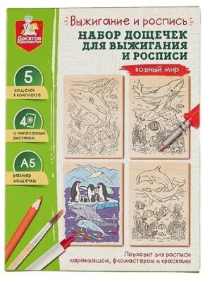 Выжигание по дереву — весьма распространенный вид прикладного искусства. Дощечка для выжигания и росписи «Водный мир» — это замечательный подарок для любого ребенка, который поможет интересно провести время и реализовать свои творческие способности. Рисунок нанесен специальной краской, которая не выделяет вредные вещества в процессе выжигания.
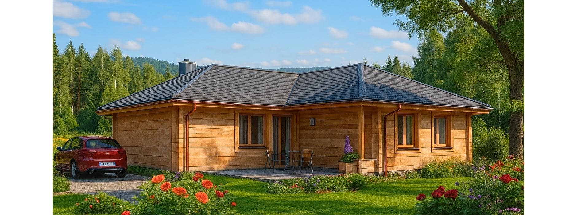 Projekt domu z bali A-106 „DOM BROWARNA” – tradycyjny dom parterowy w kształcie litery L. A-106 „DOM BROWARNA” w technologii z bali to projekt małego domu parterowego, który łączy prostotę tradycyjnej architektury z wyjątkowym klimatem naturalnego drewna. Dzięki bryle w kształcie litery L i wielospadowemu dachowi budynek doskonale wpisuje się w działki z wejściem od zachodu. Architektura i styl domu z bali: minimalistyczna, ale elegancka bryła, dach wielospadowy nadający całości tradycyjnego charakteru, naturalna elewacja z bali, która podkreśla ekologiczny i przytulny klimat domu, taras osłonięty od strony ogrodu, sprzyjający wspólnemu wypoczynkowi. Układ pomieszczeń – wygoda i praktyczność: Strefa dzienna: przestronny salon z częścią wypoczynkową, jadalnia z dużymi przeszkleniami i widokiem na ogród, kuchnia połączona ze spiżarnią – idealna do przechowywania zapasów. Strefa nocna: trzy komfortowe i dobrze doświetlone sypialnie, w każdej miejsce na pojemne szafy ubraniowe, duża łazienka z wanną, prysznicem i zestawem umywalek, dodatkowa toaleta dla gości. Atuty domu z bali A-106 „DOM BROWARNA”: naturalny mikroklimat i doskonała izolacja cieplna, prosty, ekonomiczny w budowie układ, wygodny podział na część dzienną i nocną, duża spiżarnia w kuchni, która zwiększa komfort użytkowania, taras jako dodatkowa przestrzeń rekreacyjna. Dom z bali A-106 „DOM BROWARNA” to propozycja dla rodzin, które szukają przytulnego i naturalnego domu parterowego z funkcjonalnym układem. Dzięki tradycyjnemu stylowi i zdrowemu mikroklimatowi drewna projekt sprawdzi się zarówno jako dom całoroczny, jak i letniskowy.Rzuty
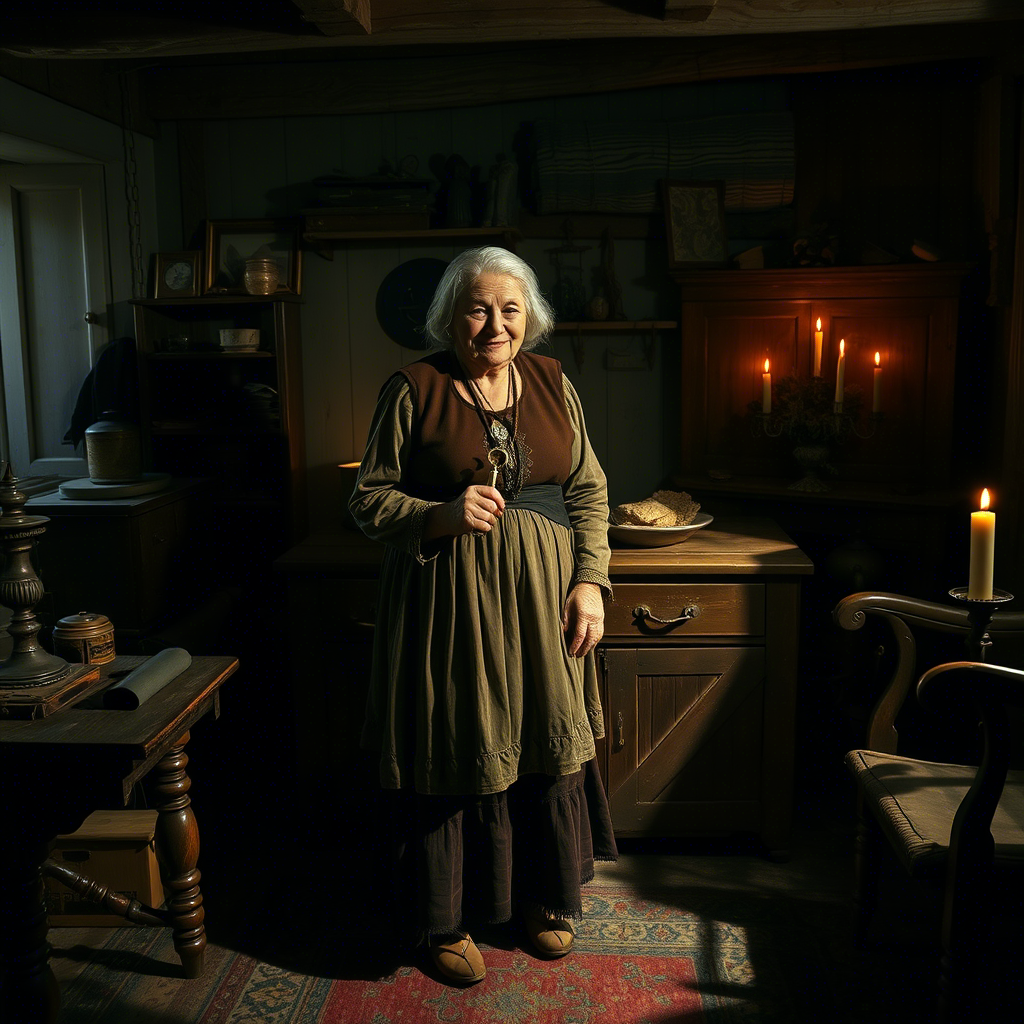 В одну из ночей в доме что-то треснуло. Она вышла из комнаты — и увидела в углу старый сундук. Большой, с железными скобами, закрытый на ржавый замок. Она знала, что он есть, но не трогала. Считала — личное. Старушкино.
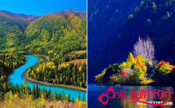 金秋佳节时期,一片秋色,蜜月如果在此时段,九寨、北疆都是最美的时候。九寨珍珠滩的气势磅礴与五花海的五彩斑斓都是是梦幻景观,在此度蜜月定能将甜蜜定格在记忆中永不消逝。此外,北疆的金秋也是不容错过的,峰恋叠嶂,森林密布,古木参天,湖泊划上了一道优美的弧线,充满神秘魅力。
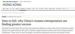 创业不怕输是中国女企家获得成功的原因。图片来源:《南华早报》网站报道截图
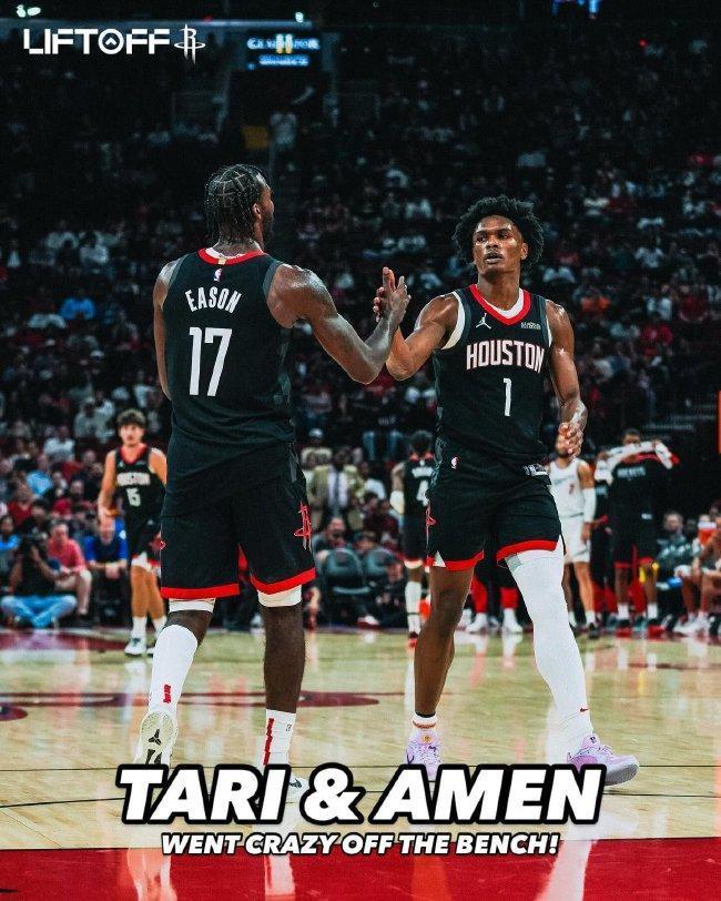 火箭取得3连胜,阿门和伊森成为火箭队史首对在替补席同砍至少15分10板的二东谈主组。

• • • • •

Problem to solve>
Retype, without any picture, exactly the lines from the one with "В одну из ночей" through the end of the entries, inclusive.

Exercise solution>
 В одну из ночей в доме что-то треснуло. Она вышла из комнаты — и увидела в углу старый сундук. Большой, с железными скобами, закрытый на ржавый замок. Она знала, что он есть, но не трогала. Считала — личное. Старушкино.
 金秋佳节时期,一片秋色,蜜月如果在此时段,九寨、北疆都是最美的时候。九寨珍珠滩的气势磅礴与五花海的五彩斑斓都是是梦幻景观,在此度蜜月定能将甜蜜定格在记忆中永不消逝。此外,北疆的金秋也是不容错过的,峰恋叠嶂,森林密布,古木参天,湖泊划上了一道优美的弧线,充满神秘魅力。
 创业不怕输是中国女企家获得成功的原因。图片来源:《南华早报》网站报道截图
 火箭取得3连胜,阿门和伊森成为火箭队史首对在替补席同砍至少15分10板的二东谈主组。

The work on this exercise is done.